Metadata-Version: 2.1
Name: pydbtools
Version: 5.2.0
Summary: A python package to query data via amazon athena and bring it into a pandas df using aws-wrangler.
License: MIT
Author: Karik Isichei
Author-email: karik.isichei@digital.justice.gov.uk
Requires-Python: >=3.7.1,<3.10
Classifier: License :: OSI Approved :: MIT License
Classifier: Programming Language :: Python :: 3
Classifier: Programming Language :: Python :: 3.8
Classifier: Programming Language :: Python :: 3.9
Requires-Dist: Jinja2
Requires-Dist: awswrangler (>=2.12.0,<3.0.0)
Requires-Dist: boto3 (>=1.7.4)
Requires-Dist: pyarrow (>=5.0.0)
Requires-Dist: sql-metadata (>=2.3.0,<3.0.0)
Requires-Dist: sqlparse (>=0.4.1,<0.5.0)
Description-Content-Type: text/markdown

# pydbtools

A package that is used to run SQL queries speficially configured for the Analytical Platform. This packages uses AWS Wrangler's Athena module but adds additional functionality (like Jinja templating, creating temporary tables) and alters some configuration to our specification. 

## Installation

> Requires a pip release above 20.

```bash
## To install from pypi
pip install pydbtools

## Or install from git with a specific release
pip install "pydbtools @ git+https://github.com/moj-analytical-services/pydbtools@v4.0.1"
```

## Quickstart guide

The [examples directory](examples) contains more detailed notebooks demonstrating the use of this library, many of which are borrowed from the [mojap-aws-tools-demo repo](https://github.com/moj-analytical-services/mojap-aws-tools-demo). 
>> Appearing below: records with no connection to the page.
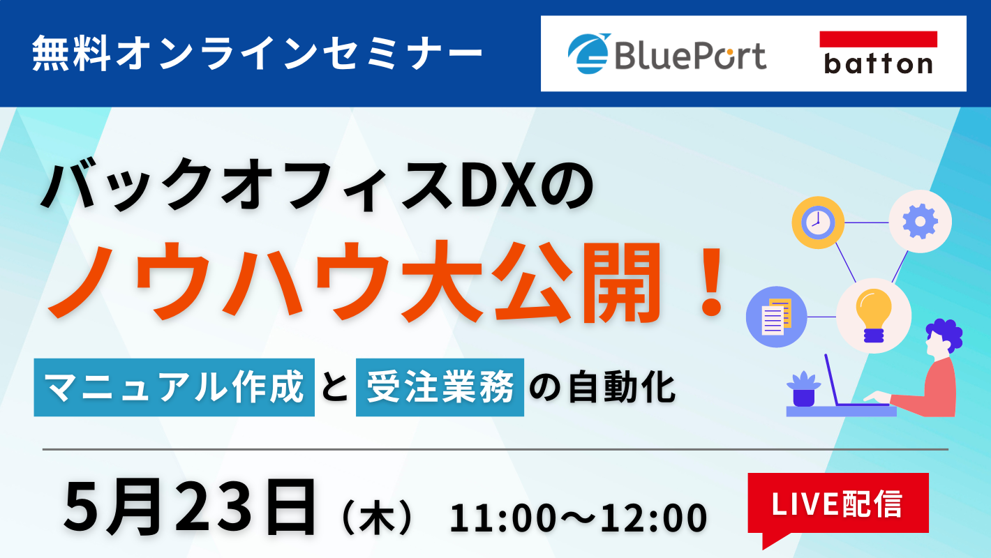 その他にも、2024年5月23日(木)11:00より、株式会社BluePort様との共催ウェビナー「バックオフィスDXのノウハウ大公開!マニュアル作成と受注業務の自動化」を、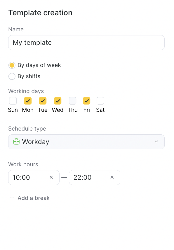 4. Your own template: Craft a personalized template to suit your unique needs by simply clicking on “Create a template.” From there, you can define the template’s name and designate the working days, mirroring the flexibility offered by the templates designed for both days of the week and shifts.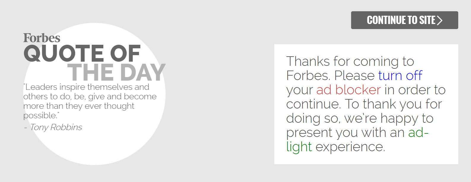 Évidemment, lorsque les entreprises souhaitent attirer l’attention de leurs publics cibles, elles doivent réfléchir sérieusement à la question afin de ne pas dilapider leur budget en vaines actions. Les plus riches auront l’avantage de parler avec des experts en agences reconnues, et les autres miseront sur leur créativité interne, et au passage, peut-être des conseils d’un consultant ponctuel. Dans mon livre – Le nouveau « P » du marketing : la Présence – je prédisais déjà dans la 1re version qu’un jour, seuls ceux qui n’ont pas les moyens de se priver de publicité seraient les cibles involontaires du modèle actuel. C’est déjà bien commencé. Des médias, comme le Forbes, osent ce pari du modèle payant sans publicité, et gratuit avec publicité. Il est possible de détecter si votre fureteur bloque la publicité intrusive et de vous proposer de débloquer la publicité ou de payer un abonnement.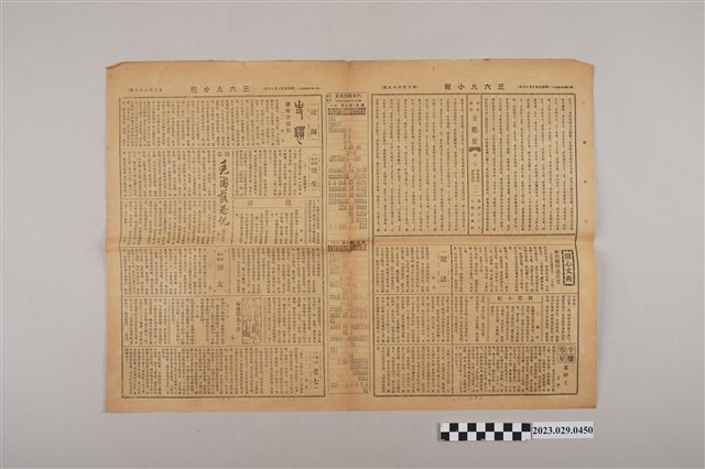 1.本物件為三六九小報社發行《三六九小報》第三百六十八期,發行人為趙雅福,本報正面為廣告頁,有永茂商行、蘭計圖書部、崇文堂書店等商家廣告;背面有雜爼專欄「關於神的研究」、「新聲律啓蒙」等文章;翻開內頁有滑稽短篇「獃生」,社會短篇「朋友」等文章。2.《三六九小報》發行時間自昭和5年(1930)至昭和10年(1935),旨以刊登戲謔、針砭時事之文,反映當時的社會狀況。

### Read an SQL Athena query into a pandas dataframe

```python
import pydbtools as pydb
df = pydb.read_sql_query("SELECT * from a_database.table LIMIT 10")
```

### Run a query in Athena

```python
response = pydb.start_query_execution_and_wait("CREATE DATABASE IF NOT EXISTS my_test_database")
```

### Create a temporary table to do further separate SQL queries on later

```python
pydb.create_temp_table("SELECT a_col, count(*) as n FROM a_database.table GROUP BY a_col", table_name="temp_table_1")
df = pydb.read_sql_query("SELECT * FROM __temp__.temp_table_1 WHERE n < 10")

pydb.database_to_temp_table(my_dataframe, "my_table")
df = pydb.read_sql_query("select * from __temp__.my_table where year = 2022")
```

## Introduction

This package is a wrapper for [awswrangler](https://aws-data-wrangler.readthedocs.io/en/2.3.0/what.html) that which presets/defines some of the input parameters to the athena module functions to align with our platform setup. See the [awswrangler API reference documentation for Athena](https://aws-data-wrangler.readthedocs.io/en/2.3.0/api.html#amazon-athena) to see what functions you can call from pydbtools.

The function parameters that are locked down / altered by `pydbtools` are:
- **boto3_session:** This is auto generated by `pydbtools` (in order to grab the user credentials from the sts client - this is needed for the R version of this package which calls this package under the hood. In short forcing refreshed credentials are needed in R as boto3 credentials timeout and do not refresh when using reticulate, though this does not apply to the latest version of the platform currently being rolled out.)
- **s3_output:** The S3 path where database queries are written to. This is defined by `pydbtools` based on the IAM user/role calling the query (ensures that each role can only read/write to a S3 path only they can access).
- **database:** Will either be set to `None` or `__temp__` depending on other user parameters (if `ctas_approach=True`). `__temp__` is an alias to an autogenerated temp database name which is generated from `pydbtools` again based on the IAM user/role. References to this temporary database can be referenced by the keyword `__temp__` in SQL queries see additional functionality to awswrangler section.
- **sql:** We allows reference to the database name `__temp__` which is an alias to a user specific temporary database. When a function call has an SQL parameter the SQL is checked with an SQL parser and then any reference to `__temp__` as a database is replaced with the actual database name which is autogenerated. This replacement only occurs for `SELECT` queries.
- **pyarrow_additional_kwargs:** This is set to `{"coerce_int96_timestamp_unit": "ms", "timestamp_as_object": True}` by default. Doing this solves [this awswrangler issue](https://github.com/awslabs/aws-data-wrangler/issues/592))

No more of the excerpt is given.